I observed after deploy using 1.10.14 that worker was terminated immediately. This reproduced consistently.
Tested also with 2.0.0 and again no lucke
Anyone have any hints of something to look into?
Here are some logs from a worker that shutdown ungracefully, running 1.10.14:
worker: Warm shutdown (MainProcess)
[2021-01-09 22:24:30,747: ERROR/MainProcess] Process 'ForkPoolWorker-15' pid:37 exited with 'signal 15 (SIGTERM)'
[2021-01-09 22:24:30,858: ERROR/MainProcess] Task handler raised error: WorkerLostError('Worker exited prematurely: signal 15 (SIGTERM).')

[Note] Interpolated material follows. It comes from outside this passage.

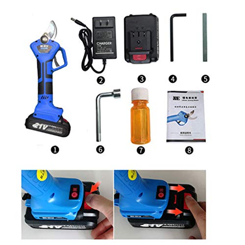 [Package and Warranty]--1 x cordless pruner, 2 x backup batteries, 1 x spare blade,2 x wrench tool,1 x charge adapter,1 x storage box. Warranty: 18 Months, 7 x24 hours service.

Traceback (most recent call last):
File "/home/airflow/.local/lib/python3.7/site-packages/celery/worker/worker.py", line 208, in start
self.blueprint.start(self)
File "/home/airflow/.local/lib/python3.7/site-packages/celery/bootsteps.py", line 119, in start
step.start(parent)
File "/home/airflow/.local/lib/python3.7/site-packages/celery/bootsteps.py", line 369, in start
return self.obj.start()
File "/home/airflow/.local/lib/python3.7/site-packages/celery/worker/consumer/consumer.py", line 318, in start
blueprint.start(self)
File "/home/airflow/.local/lib/python3.7/site-packages/celery/bootsteps.py", line 119, in start
step.start(parent)
File "/home/airflow/.local/lib/python3.7/site-packages/celery/worker/consumer/consumer.py", line 599, in start
c.loop(*c.loop_args())
File "/home/airflow/.local/lib/python3.7/site-packages/celery/worker/loops.py", line 83, in asynloop
next(loop)
File "/home/airflow/.local/lib/python3.7/site-packages/kombu/asynchronous/hub.py", line 308, in create_loop
events = poll(poll_timeout)
File "/home/airflow/.local/lib/python3.7/site-packages/kombu/utils/eventio.py", line 84, in poll
return self._epoll.poll(timeout if timeout is not None else -1)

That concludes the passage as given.